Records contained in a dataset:
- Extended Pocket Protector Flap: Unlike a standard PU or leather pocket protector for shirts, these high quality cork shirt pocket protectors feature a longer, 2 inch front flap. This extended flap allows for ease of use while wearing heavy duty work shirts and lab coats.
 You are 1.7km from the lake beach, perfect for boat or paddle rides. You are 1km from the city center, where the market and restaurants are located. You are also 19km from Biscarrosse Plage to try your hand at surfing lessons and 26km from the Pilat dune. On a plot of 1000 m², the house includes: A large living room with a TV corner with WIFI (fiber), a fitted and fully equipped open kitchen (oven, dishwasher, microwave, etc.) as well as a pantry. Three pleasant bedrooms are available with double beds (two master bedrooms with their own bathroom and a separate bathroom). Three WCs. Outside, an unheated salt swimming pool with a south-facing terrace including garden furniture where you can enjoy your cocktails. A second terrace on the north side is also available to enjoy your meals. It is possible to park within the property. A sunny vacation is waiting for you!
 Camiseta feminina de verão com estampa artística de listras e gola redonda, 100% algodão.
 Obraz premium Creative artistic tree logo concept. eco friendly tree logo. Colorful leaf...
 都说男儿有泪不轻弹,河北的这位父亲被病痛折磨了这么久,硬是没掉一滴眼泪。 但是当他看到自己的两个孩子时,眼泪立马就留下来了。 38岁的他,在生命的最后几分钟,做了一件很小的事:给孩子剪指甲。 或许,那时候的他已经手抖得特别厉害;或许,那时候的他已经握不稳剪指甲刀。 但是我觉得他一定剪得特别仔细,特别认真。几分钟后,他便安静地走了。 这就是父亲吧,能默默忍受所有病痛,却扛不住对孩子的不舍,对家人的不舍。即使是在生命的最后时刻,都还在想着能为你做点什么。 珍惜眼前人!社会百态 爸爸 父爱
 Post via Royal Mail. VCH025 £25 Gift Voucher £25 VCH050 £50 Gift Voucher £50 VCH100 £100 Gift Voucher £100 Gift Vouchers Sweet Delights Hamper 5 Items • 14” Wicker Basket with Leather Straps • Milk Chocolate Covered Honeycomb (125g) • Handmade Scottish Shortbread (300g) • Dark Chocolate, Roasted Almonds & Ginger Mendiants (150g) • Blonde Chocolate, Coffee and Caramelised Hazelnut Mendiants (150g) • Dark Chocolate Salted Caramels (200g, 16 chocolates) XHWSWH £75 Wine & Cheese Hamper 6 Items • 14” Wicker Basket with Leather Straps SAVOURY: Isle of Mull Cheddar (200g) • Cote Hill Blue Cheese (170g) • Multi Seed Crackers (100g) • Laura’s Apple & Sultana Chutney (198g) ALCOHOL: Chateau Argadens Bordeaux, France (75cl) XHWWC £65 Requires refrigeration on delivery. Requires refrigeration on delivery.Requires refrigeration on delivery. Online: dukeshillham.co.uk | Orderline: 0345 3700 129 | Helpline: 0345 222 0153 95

(About this task):
All of the data above is to be transcribed without alteration.

(Output for this task):
- Extended Pocket Protector Flap: Unlike a standard PU or leather pocket protector for shirts, these high quality cork shirt pocket protectors feature a longer, 2 inch front flap. This extended flap allows for ease of use while wearing heavy duty work shirts and lab coats.
 You are 1.7km from the lake beach, perfect for boat or paddle rides. You are 1km from the city center, where the market and restaurants are located. You are also 19km from Biscarrosse Plage to try your hand at surfing lessons and 26km from the Pilat dune. On a plot of 1000 m², the house includes: A large living room with a TV corner with WIFI (fiber), a fitted and fully equipped open kitchen (oven, dishwasher, microwave, etc.) as well as a pantry. Three pleasant bedrooms are available with double beds (two master bedrooms with their own bathroom and a separate bathroom). Three WCs. Outside, an unheated salt swimming pool with a south-facing terrace including garden furniture where you can enjoy your cocktails. A second terrace on the north side is also available to enjoy your meals. It is possible to park within the property. A sunny vacation is waiting for you!
 Camiseta feminina de verão com estampa artística de listras e gola redonda, 100% algodão.
 Obraz premium Creative artistic tree logo concept. eco friendly tree logo. Colorful leaf...
 都说男儿有泪不轻弹,河北的这位父亲被病痛折磨了这么久,硬是没掉一滴眼泪。 但是当他看到自己的两个孩子时,眼泪立马就留下来了。 38岁的他,在生命的最后几分钟,做了一件很小的事:给孩子剪指甲。 或许,那时候的他已经手抖得特别厉害;或许,那时候的他已经握不稳剪指甲刀。 但是我觉得他一定剪得特别仔细,特别认真。几分钟后,他便安静地走了。 这就是父亲吧,能默默忍受所有病痛,却扛不住对孩子的不舍,对家人的不舍。即使是在生命的最后时刻,都还在想着能为你做点什么。 珍惜眼前人!社会百态 爸爸 父爱
 Post via Royal Mail. VCH025 £25 Gift Voucher £25 VCH050 £50 Gift Voucher £50 VCH100 £100 Gift Voucher £100 Gift Vouchers Sweet Delights Hamper 5 Items • 14” Wicker Basket with Leather Straps • Milk Chocolate Covered Honeycomb (125g) • Handmade Scottish Shortbread (300g) • Dark Chocolate, Roasted Almonds & Ginger Mendiants (150g) • Blonde Chocolate, Coffee and Caramelised Hazelnut Mendiants (150g) • Dark Chocolate Salted Caramels (200g, 16 chocolates) XHWSWH £75 Wine & Cheese Hamper 6 Items • 14” Wicker Basket with Leather Straps SAVOURY: Isle of Mull Cheddar (200g) • Cote Hill Blue Cheese (170g) • Multi Seed Crackers (100g) • Laura’s Apple & Sultana Chutney (198g) ALCOHOL: Chateau Argadens Bordeaux, France (75cl) XHWWC £65 Requires refrigeration on delivery. Requires refrigeration on delivery.Requires refrigeration on delivery. Online: dukeshillham.co.uk | Orderline: 0345 3700 129 | Helpline: 0345 222 0153 95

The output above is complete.